Work to be completed: Ignore the pictures in the data below and set down exactly the lines from its first line through the line containing "O presidente do".

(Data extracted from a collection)

--------------------

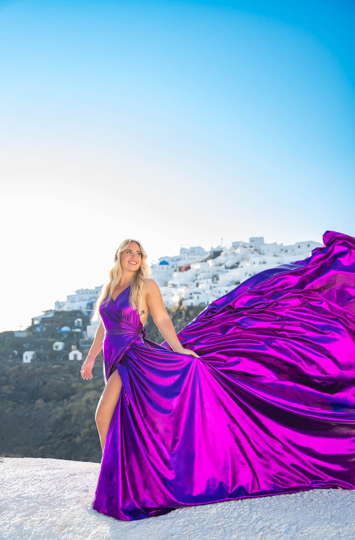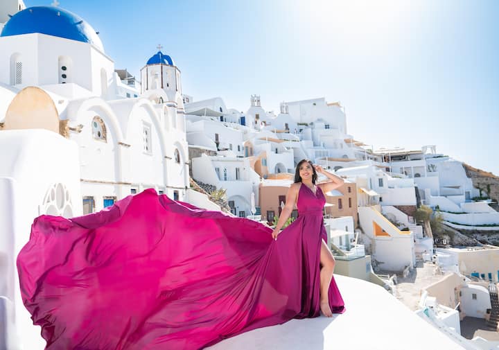 Disfrutá de una sesión de fotos con un vestido que vuela, junto a un equipo profesional con más de 15 años de experiencia. Te vamos a fotografiar en los lugares más emblemáticos de Santorini, con al menos 3 vistas impresionantes para obtener resultados perfectos.
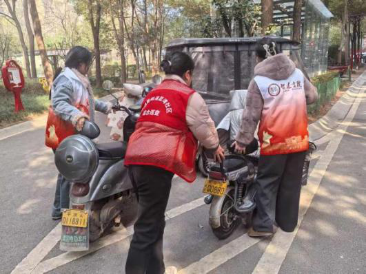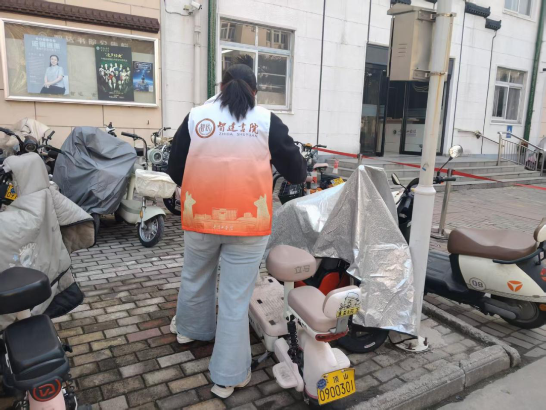 另一组同学则担任“秩序协管员”,重点整治了书院门前的非机动车停放问题。他们将随意停放的电动车一一挪动,按照“整齐、规范、有序”的原则重新摆放。转眼间,原本略显凌乱的门前区域便焕然一新,通道也变得宽敞明亮。
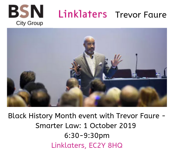 To celebrate this year’s Black History Month, BSN City is delighted to invite you to our event, co-hosted by Linklaters entitled: “Smarter Law: transforming busy lawyers into business leaders” by Trevor Faure, former Global General Counsel of EY and CEO of Smarter Law Solutions.
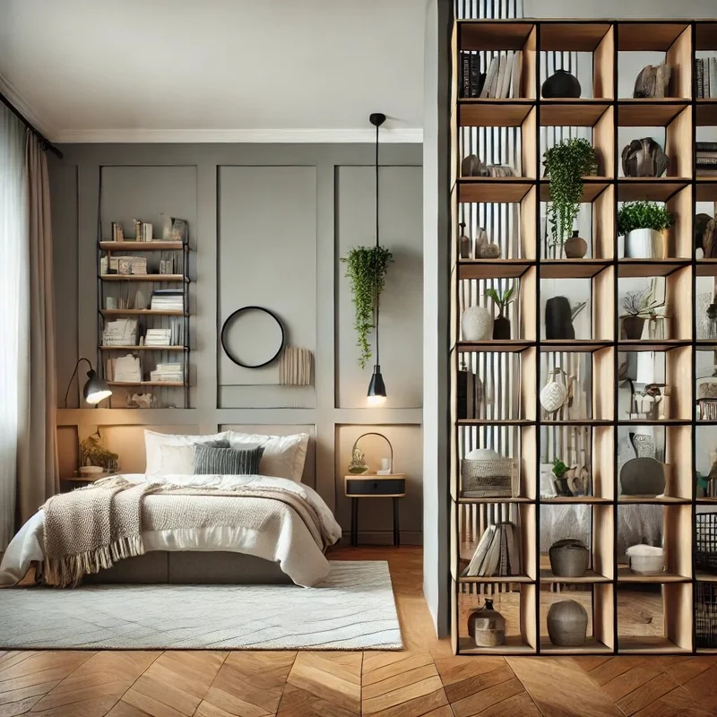 Мобильные перегородки и ширмы. Легкие и передвижные ширмы позволяют быстро изменять планировку. Они могут быть стильными, из различных материалов, от ткани до бамбука, и служат не только практическим, но и декоративным элементом.
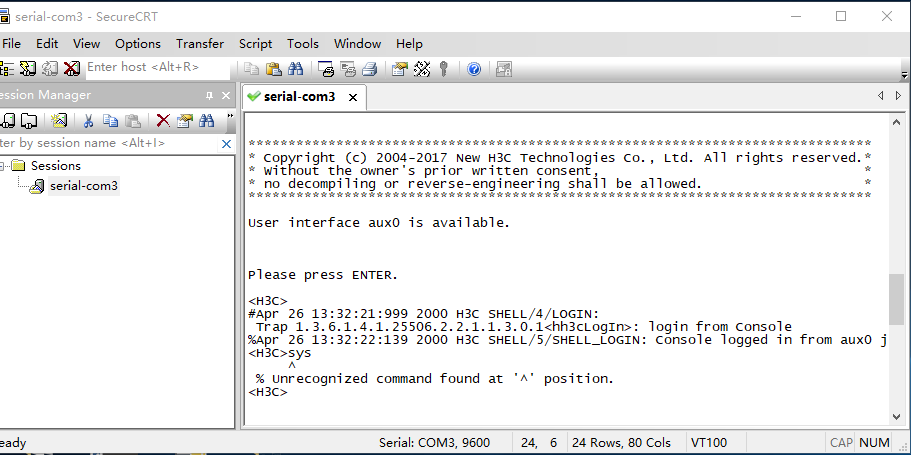 用console线连接了电脑,用SecureCRT软件连接上了,但是输入命令都会提示 % Unrecognized command found at '^' position.
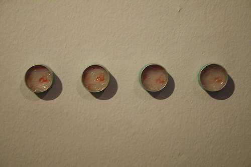 Approaching four tins, recognisable as containers of Vicks Vaporub (Bridget Baker's So It Goes (1996)), I noticed, in the furthest of them, a swirl of blood. Working backwards through the tins, I see the swirl resolving itself into a small but intricately rendered image: a faint suggestion of a young girl and an older man. The swirl appeared, at first, to be the start of a series of violent extrapolations, but was instead the ending of a gradual decline. The closer and closer I was drawn to the work, the more I was aware I could not smell the ointment.
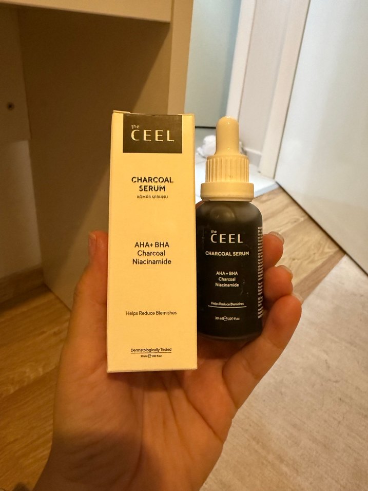The CEEL Charcoal Serum, AHA, BHA, kömür ve niasinamid içerir, cilt lekelerini azaltmaya yardımcı olur. Dermatolojik olarak test edilmiştir.
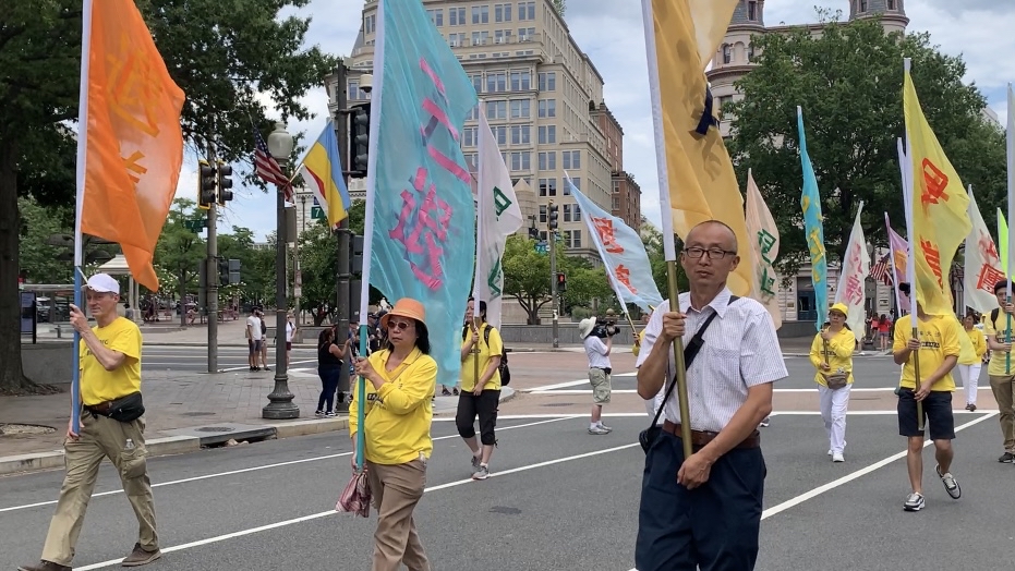 在7月21日美国首都华盛顿DC举行的反迫害23年暨声援4亿中国人退出中共党团队的大游行中,有一位刚从中国大陆来美国才两个月的中国人,举着“·九·评*”的旗帜走在游行队伍中。 他说,来到美国后,终于摆脱了生活在中共统治下的恐惧感,他抵美10天就在退!党!中心办理了退!党!手续,现在又赶上三:退.人数达4亿这个大喜的日子
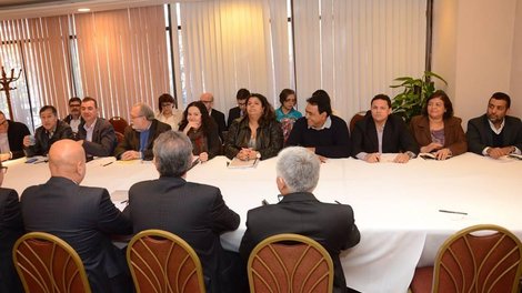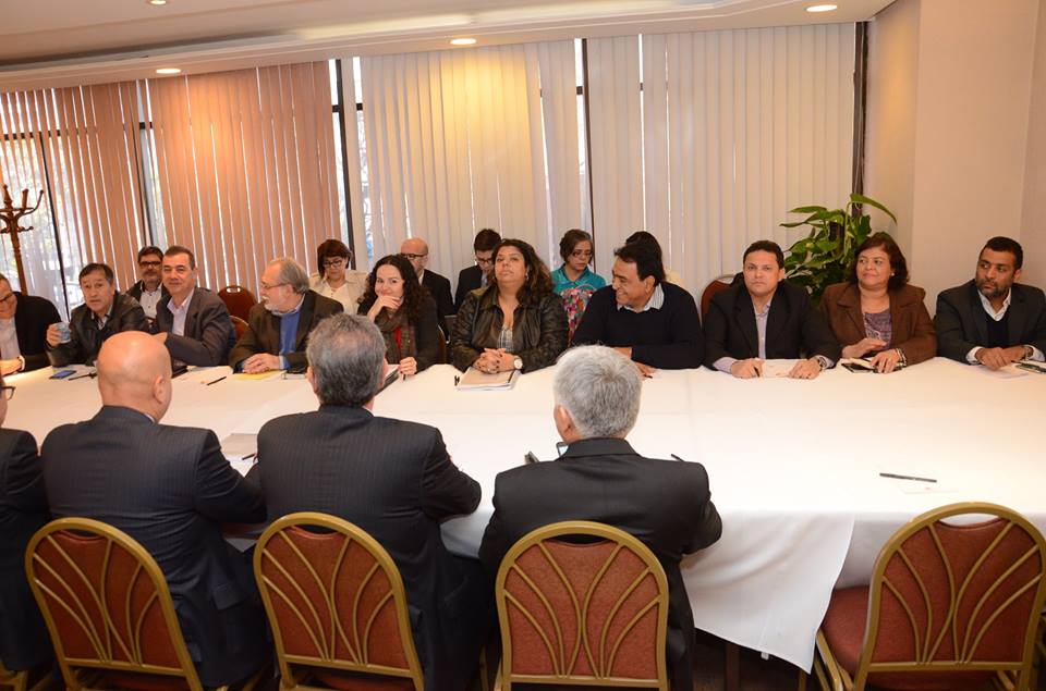 O presidente do Sindicato, Eduardo Araújo (primeiro da dir. para a esq.), durante as negociações com a Fenaban
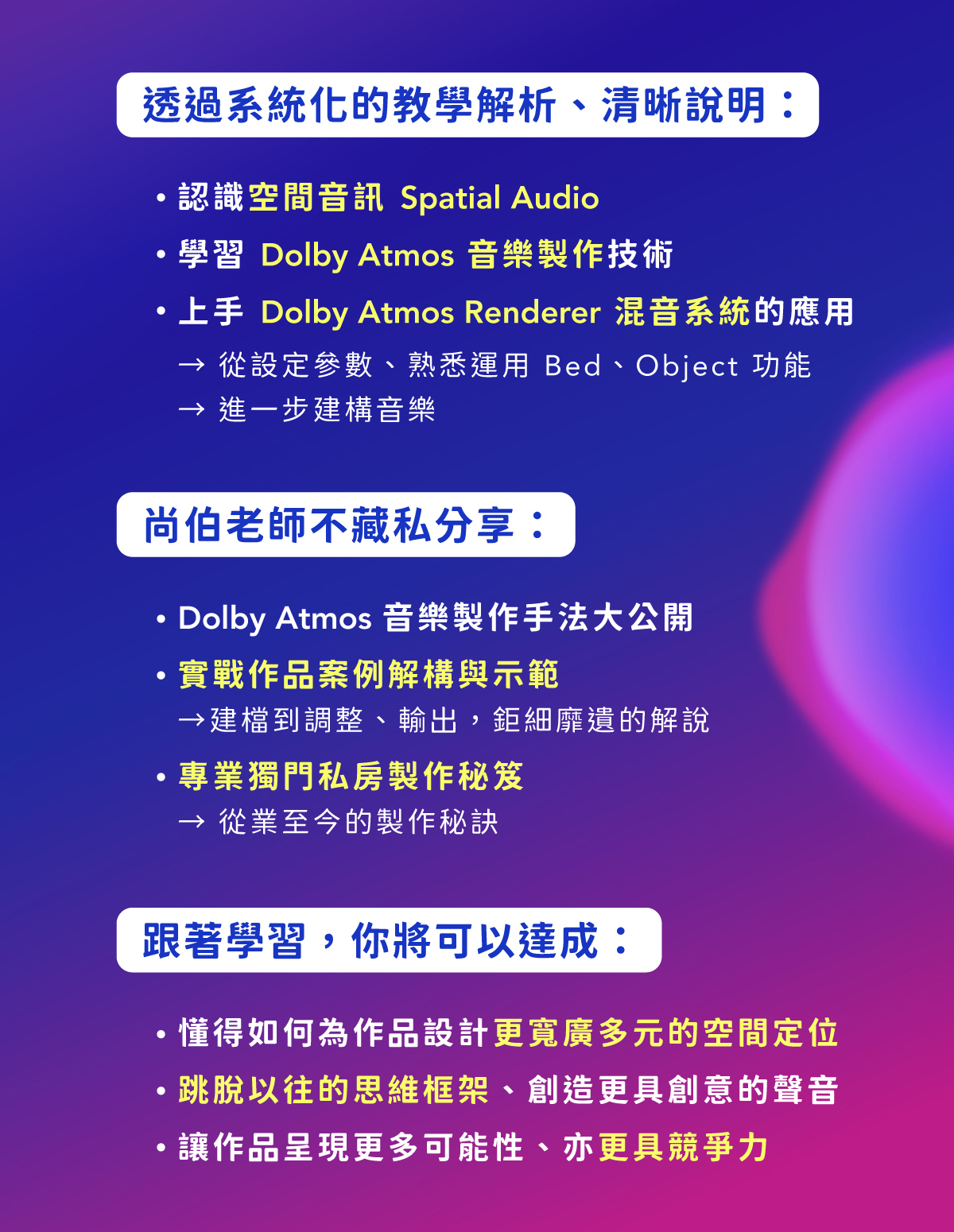 【揚聲堡音樂線上課程】破解杜比全景聲音樂製作 Dolby Atmos Music Creation - 林尚伯 老師

--------------------

Output of the exercise:
 Disfrutá de una sesión de fotos con un vestido que vuela, junto a un equipo profesional con más de 15 años de experiencia. Te vamos a fotografiar en los lugares más emblemáticos de Santorini, con al menos 3 vistas impresionantes para obtener resultados perfectos.
 另一组同学则担任“秩序协管员”,重点整治了书院门前的非机动车停放问题。他们将随意停放的电动车一一挪动,按照“整齐、规范、有序”的原则重新摆放。转眼间,原本略显凌乱的门前区域便焕然一新,通道也变得宽敞明亮。
 To celebrate this year’s Black History Month, BSN City is delighted to invite you to our event, co-hosted by Linklaters entitled: “Smarter Law: transforming busy lawyers into business leaders” by Trevor Faure, former Global General Counsel of EY and CEO of Smarter Law Solutions.
 Мобильные перегородки и ширмы. Легкие и передвижные ширмы позволяют быстро изменять планировку. Они могут быть стильными, из различных материалов, от ткани до бамбука, и служат не только практическим, но и декоративным элементом.
 用console线连接了电脑,用SecureCRT软件连接上了,但是输入命令都会提示 % Unrecognized command found at '^' position.
 Approaching four tins, recognisable as containers of Vicks Vaporub (Bridget Baker's So It Goes (1996)), I noticed, in the furthest of them, a swirl of blood. Working backwards through the tins, I see the swirl resolving itself into a small but intricately rendered image: a faint suggestion of a young girl and an older man. The swirl appeared, at first, to be the start of a series of violent extrapolations, but was instead the ending of a gradual decline. The closer and closer I was drawn to the work, the more I was aware I could not smell the ointment.
The CEEL Charcoal Serum, AHA, BHA, kömür ve niasinamid içerir, cilt lekelerini azaltmaya yardımcı olur. Dermatolojik olarak test edilmiştir.
 在7月21日美国首都华盛顿DC举行的反迫害23年暨声援4亿中国人退出中共党团队的大游行中,有一位刚从中国大陆来美国才两个月的中国人,举着“·九·评*”的旗帜走在游行队伍中。 他说,来到美国后,终于摆脱了生活在中共统治下的恐惧感,他抵美10天就在退!党!中心办理了退!党!手续,现在又赶上三:退.人数达4亿这个大喜的日子
 O presidente do Sindicato, Eduardo Araújo (primeiro da dir. para a esq.), durante as negociações com a Fenaban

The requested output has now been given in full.